Dr Taka Chinyoka
It is widely accepted among scientists that all humans share a common ancestor and due to evolutionary pressure, following migration to the north and southern hemispheres with different climate conditions and UV light exposure, our skin colour changed to adapt to the relevant level of UV light with altered melanin levels in the skin, this simply to maximise survival chances and perpetuation of our species.
This possibly led to hereditary changes and consequent racial or ethnic differences in skin properties or rather racial disparities. The resultant differences in melanin production, distribution and degradation among other factors determine the racial differences. There is up to five times more UV light penetration in Caucasian skin than black skin across the upper layers of the skin. In Namibia, we exist in all skin types with the majority being brown to black (Fitzpatrick 4 to 6) with a significant population being fairly skinned and darker Caucasians (Fitzpatrick 2 to 3).
There are a lot of myths, misuse and misinformation concerning lightening agents among the population. A belief that lighter or fairer skin is more beautiful reins deep in the minds of many, especially the darker skinned. It is because of this that there is rampant abuse and misuse of these lightening molecules in the hope of becoming fairer. While I explained in brief the generally accepted scientific explanation, or rather evolutionary reasons for darker skin, the issue of skin colour and beauty remains, controversial, sensitive and wholly subjective among different ethnicities.
In the Cosmetic medicine service, however, the view is that everyone is beautiful in their own skin.

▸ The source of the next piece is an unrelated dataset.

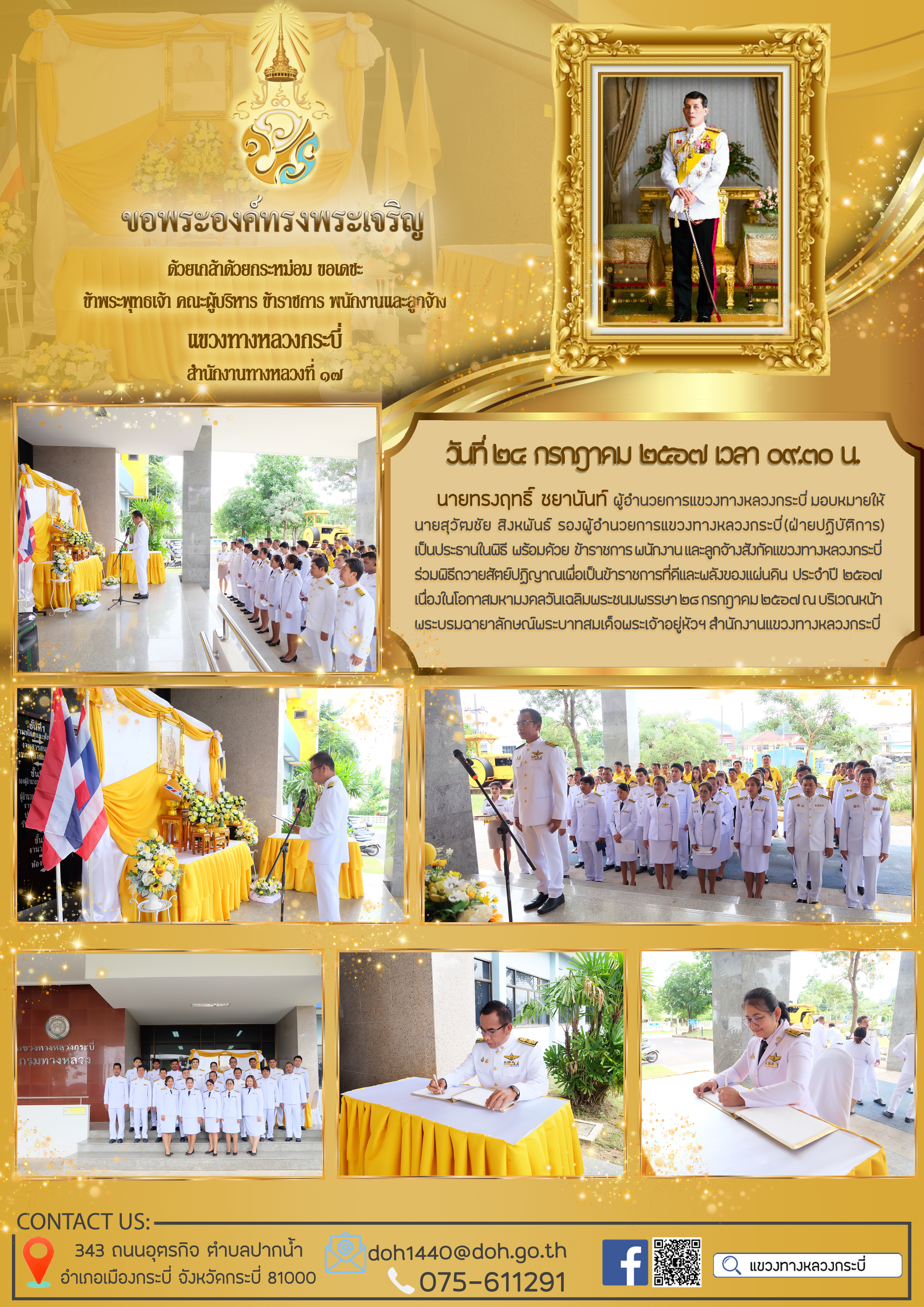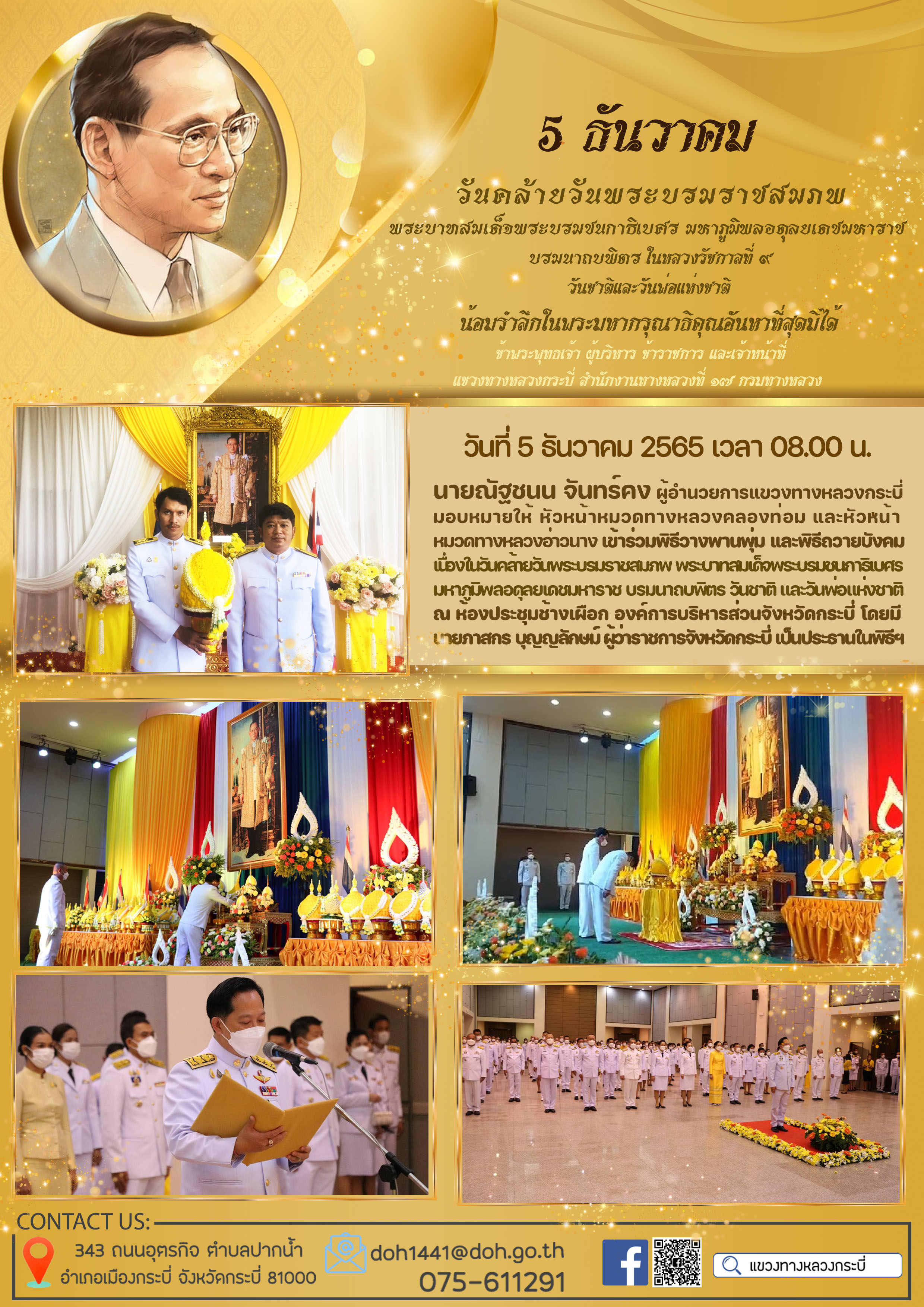 แขวงทางหลวงกระบี่ เข้าร่วมกิจกรรมวางพานพุ่ม และพิธีถวายบังคม พระบาทสมเด็จพระบรมชนกาธิเบศร มหาภูมิพลอดุลยเดชมหาราช บรมนาถบพิตร ในหลวงรัชกาลที่ ๙ วันชาติและวันพ่อแห่งชาติ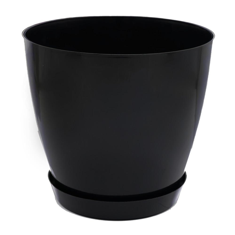 Vazo lulesh, rrethore, plastike, e zezë, Ø22xH21 cm

Of course there are other parameters that are objectively used to judge beauty. This is a story for another day.
A number of lightening agents are widely used in the treatment of different types of localised or generalised dermatologic pigmentary disorders and in cosmeceuticals with excellent results. These agents are relatively safe if used in correct doses for appropriate indications and this is extremely important to remember.
Lightening agents, also referred to as bleaching or whitening agents fall into different categories with some that inhibit melanin production through different mechanisms e.g. Hydroquinone, antioxidants e.g. glutathione, vitamin C, accelerators of epidermal turnover and desquamators e.g. retinoid, AHAs and UV absorbers like sunscreens among others. They also come in different preparations including topical applications like creams, oral preparations and injectables.
The common skin whitening agents are: Hydroquinone, azelaic acid, kojic acid, arbutin, retinoids, mequinol, niacinamide, soy, vitamin c, corticosteroids, licorice, hydroxystilbene, alosein, glutathione, glycolic acid, n acetyl glucosamine, gentisic acid, green tea and melatonin.
In aesthetic medicine practice, the application of different types of these preparations yield awesome results in restoring even tone and treating dyschromia, preventing post inflammatory hyperpigmentation prior to peeling darker skin and in skin conditioning and rejuvenation. In my practice I prefer using azelaic acid, kojic acid, retinoids, vitamin c, licorice, glutathione, glycolic acid and n-acetyl glucosamine to achieve excellent results.
Hydroquinone is the most commonly used and abused, there has been concern on its use with other researchers insisting on thorough safety reviews citing long term effects. However other scholars conclude that data so far suggest that it is reasonable to use Hydroquinone for treating hyperpigmentary disorders at concentrations below 5%HQ.
Despite the remarkable overall safety of hydroquinone, it has potential adverse effects.
Adverse events reported with HQ use include erythema, permanent leukoderma, skin irritation, contact dermatitis, cataract, pigmented colloid millium, nail pigmentation or discoloration, loss of skin elasticity, impaired wound healing, hypopigmentation of the surrounding normal skin that has been treated with HQ (“halo effect”) and post-inflammatory hyperpigmentation.
An uncommon but serious adverse effect of HQ is exogenous ochronosis. This disorder is characterised by progressive darkening in the treatment area exposed to hydroquinone. It can be extremely difficult to reverse to any degree. Exogenous ochronosis is typically associated with frequent use of very high concentrations of HQ on a long-term basis although it can still occur with short-term use of 1 to 2% HQ.
In Europe, over the counter use of Hydroquinone is banned with the USFDA expressing the same likelihood. An illicit market thrives in Namibia for these products and thus danger continuously looms among the population.